# The problem:
Reproduce the records word for word, leaving out any pictures they hold.

# Extracted data entries:
◇ ◇ ◇ ◇ ◇

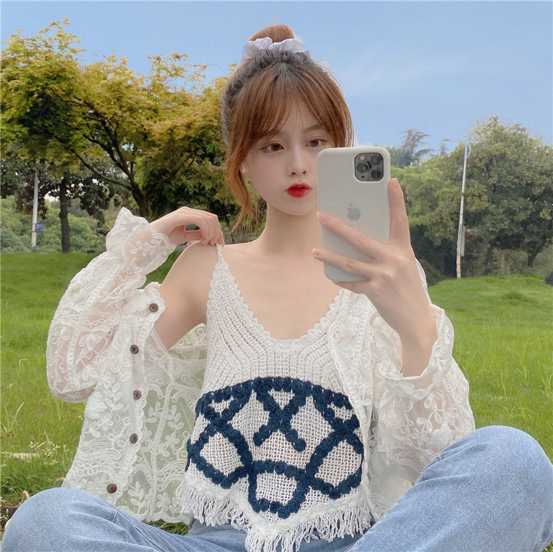 Color: white cardigan, apricot cardigan, white sling, apricot sling
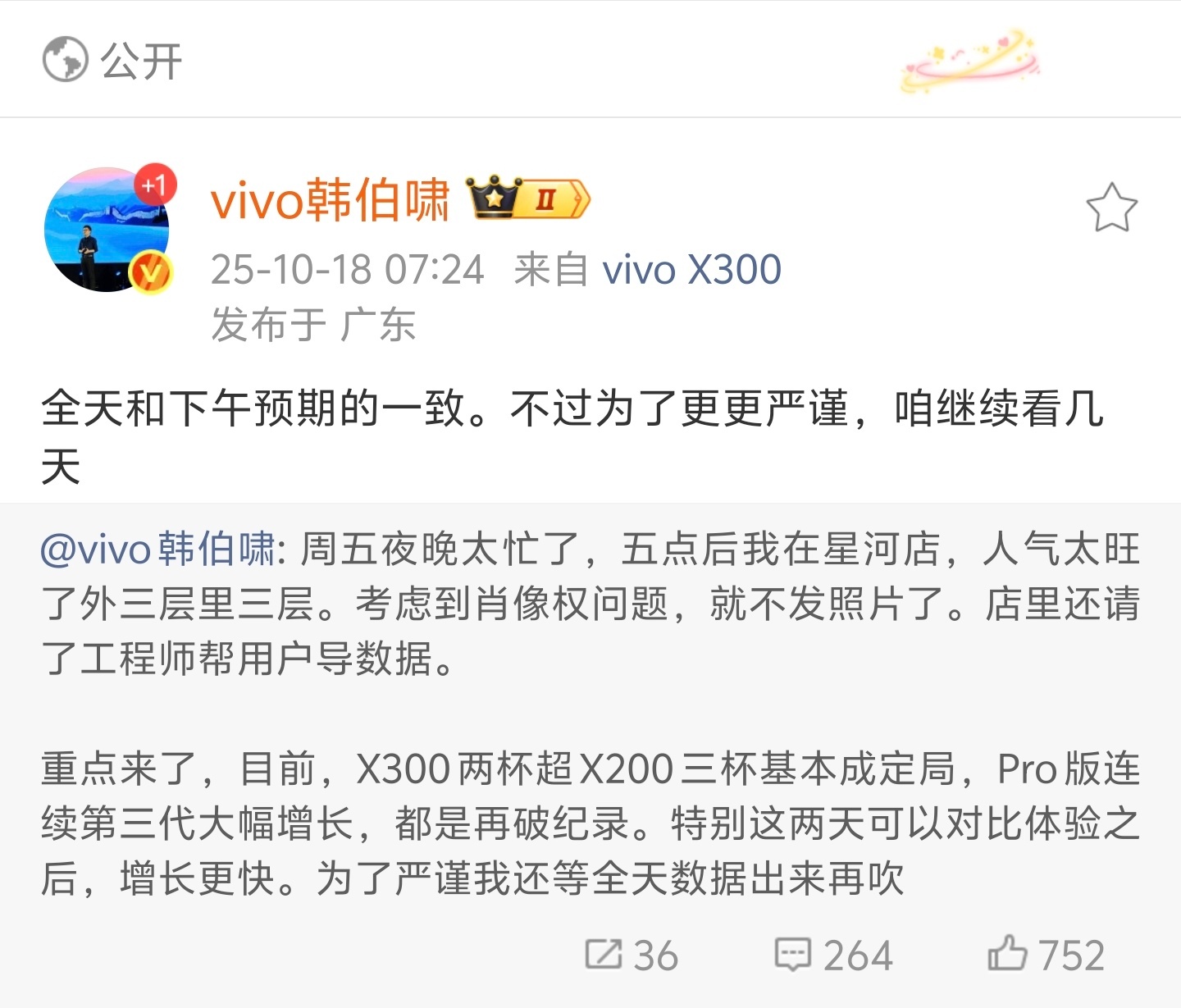 X300系列销量看来是超预期了,vivo韩伯啸透露X300两杯超X200三杯基本
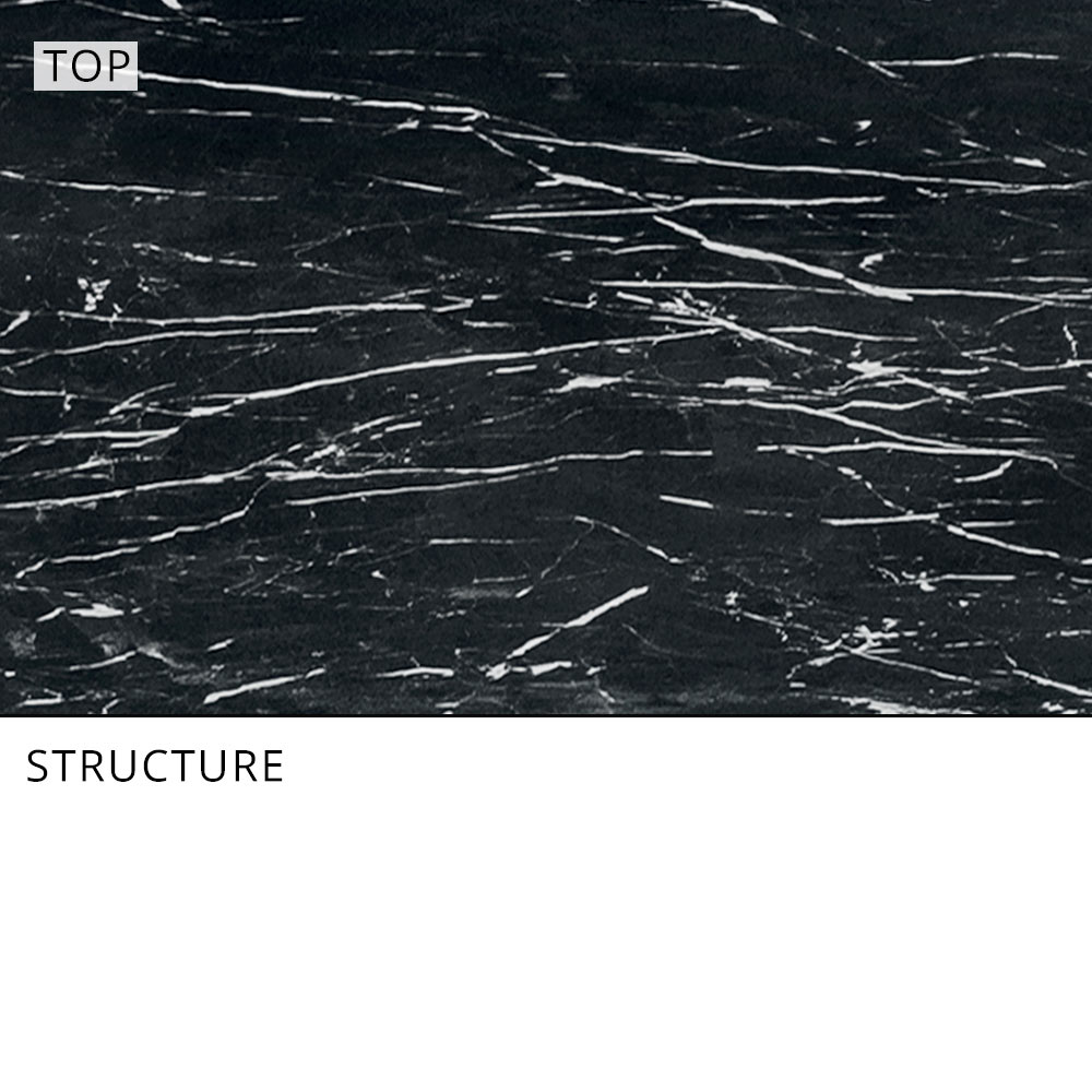 • estructura de aluminio gunmetal y encimera de gres efecto mármol negro
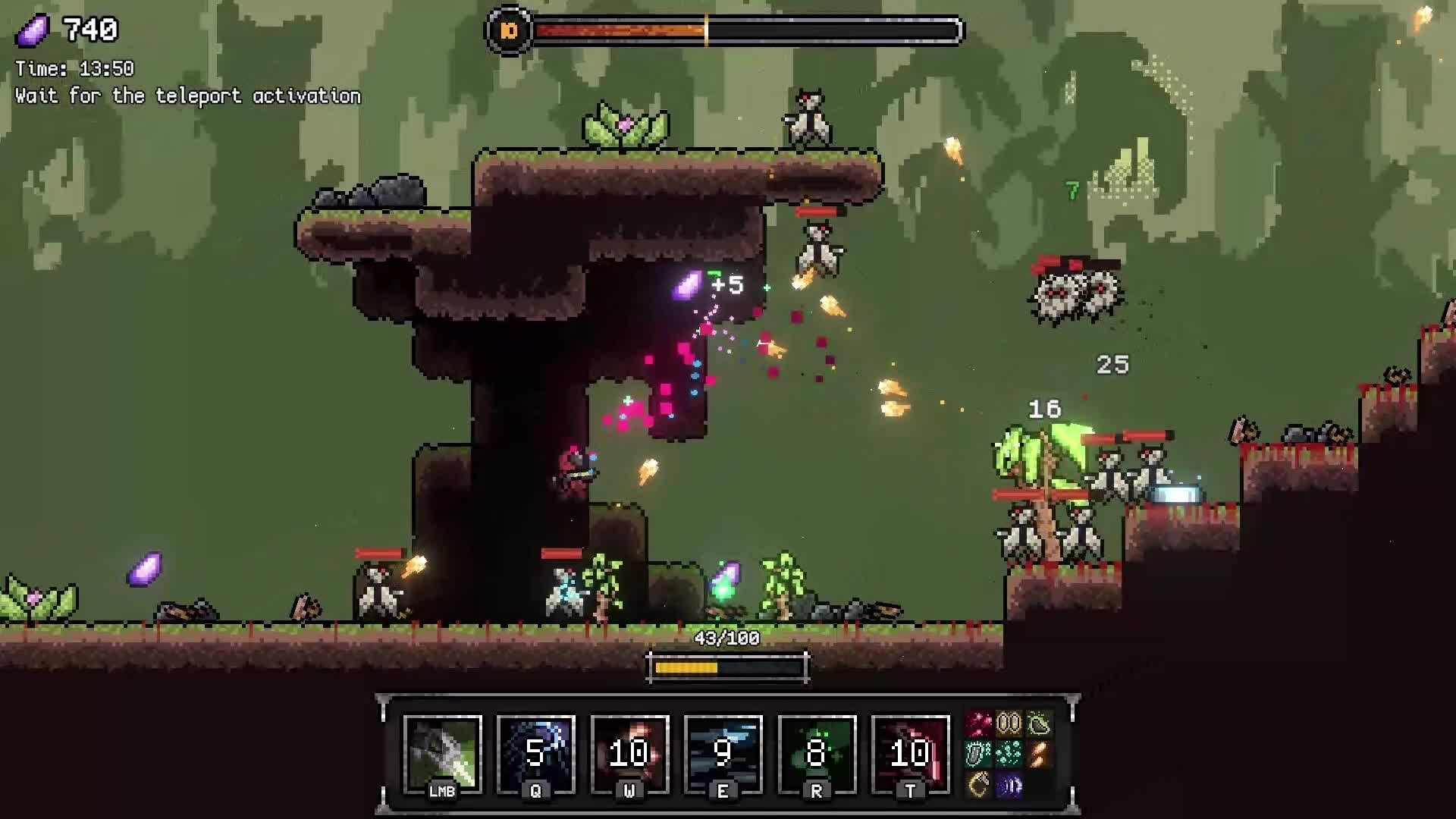 Echo Storm is a 2D action with roguelite elements. Survive enemies attack as long as possible. Death resets the progress, but the longer you survive, the more abilities your character gets. Onslaught of enemies is growing too, so - find best abilities combination and destroy 'em all!
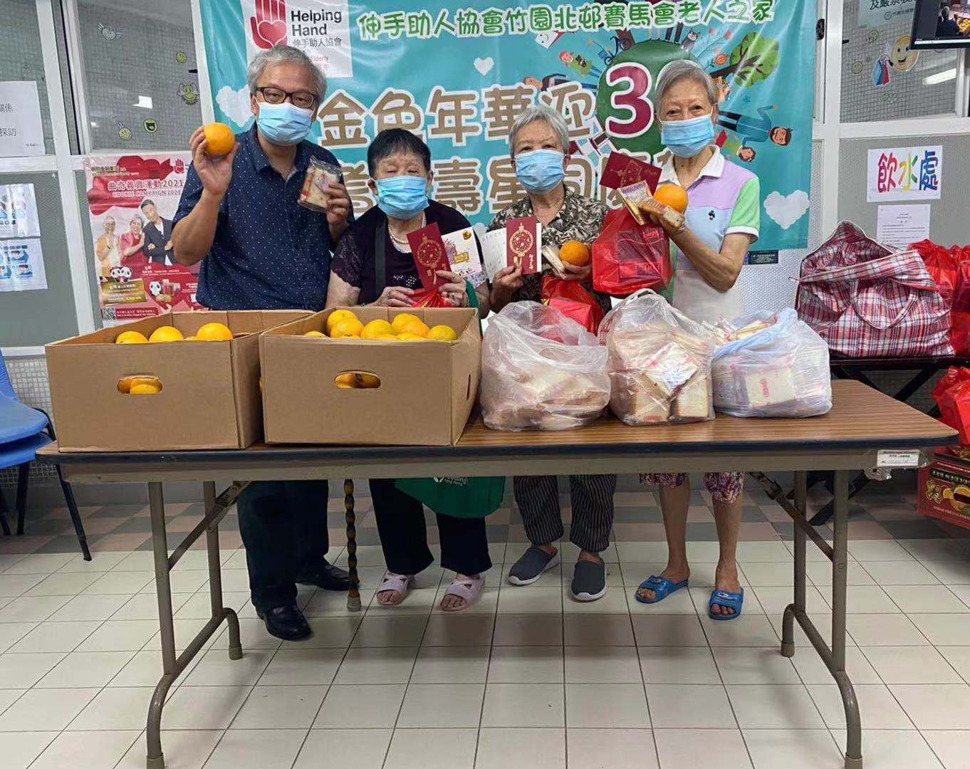 31位生日長者獲得的禮物分別有50元利是、生日卡及福袋,福袋內有梳打餅、燕麥片、盒裝紙巾及毛巾一條;其他長者亦有受惠,共收到橙子及獨立蛋白蛋糕各160個。
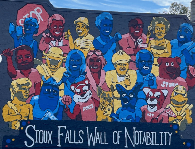 Another honorable mention is the "Sioux Falls Wall of Notability" a large mural that depicts the past, and present of the rich Sioux Falls history, and some of those who have helped shape our community. Artist Wyatt Dickson brought the mural to life in 2021.

◇ ◇ ◇ ◇ ◇

# Your solution:
 Color: white cardigan, apricot cardigan, white sling, apricot sling
 X300系列销量看来是超预期了,vivo韩伯啸透露X300两杯超X200三杯基本
 • estructura de aluminio gunmetal y encimera de gres efecto mármol negro
 Echo Storm is a 2D action with roguelite elements. Survive enemies attack as long as possible. Death resets the progress, but the longer you survive, the more abilities your character gets. Onslaught of enemies is growing too, so - find best abilities combination and destroy 'em all!
 31位生日長者獲得的禮物分別有50元利是、生日卡及福袋,福袋內有梳打餅、燕麥片、盒裝紙巾及毛巾一條;其他長者亦有受惠,共收到橙子及獨立蛋白蛋糕各160個。
 Another honorable mention is the "Sioux Falls Wall of Notability" a large mural that depicts the past, and present of the rich Sioux Falls history, and some of those who have helped shape our community. Artist Wyatt Dickson brought the mural to life in 2021.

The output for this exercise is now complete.